EXERCISE DETAILS: Transcribe, leaving out every picture, the lines that run from the start of the listing below through the line with "綜合以上分析,為提高材料利用率,各工位間 應排列緊湊,采用單排排列、雙側載體的排樣方式, 排樣如圖3所示,條料寬度為126".

EXERCISE DATA:
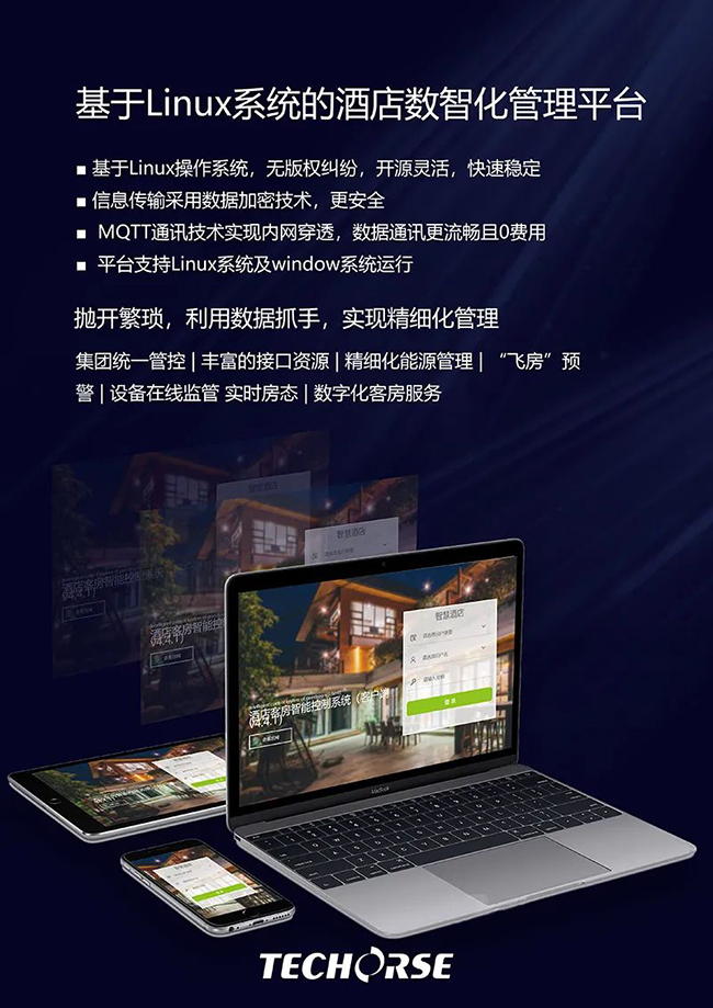 作为AIOT智慧场景应用服务商,金马科技深耕酒店行业,聚焦客户需求,基于开源操作系统——Linux 研发出新一代酒店数智化管理平台。
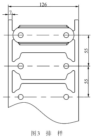 綜合以上分析,為提高材料利用率,各工位間 應排列緊湊,采用單排排列、雙側載體的排樣方式, 排樣如圖3所示,條料寬度為126 mm,搭邊7mm,步 距55 mm。工序為:①沖2個φ9+0.15mm孔;②沖切外 形廢料;③彎曲成形及沖切兩側載體。
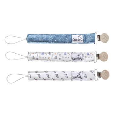 A chic way to keep baby's pacifier close at hand. Offering the ultimate blend of fashion and function, this unique Binky Clip features a premium knit strap lined with absorbent fleece to help soak up drool. Simply attach baby's pacifier or teether to one end, then fasten the clip to clothing, blankets or baby gear. Oh, and by the way this set includes three Binky Clips to keep with you wherever you go - no more floor drops or pacifier pick-ups!

RESULT FOR THIS EXERCISE:
 作为AIOT智慧场景应用服务商,金马科技深耕酒店行业,聚焦客户需求,基于开源操作系统——Linux 研发出新一代酒店数智化管理平台。
 綜合以上分析,為提高材料利用率,各工位間 應排列緊湊,采用單排排列、雙側載體的排樣方式, 排樣如圖3所示,條料寬度為126 mm,搭邊7mm,步 距55 mm。工序為:①沖2個φ9+0.15mm孔;②沖切外 形廢料;③彎曲成形及沖切兩側載體。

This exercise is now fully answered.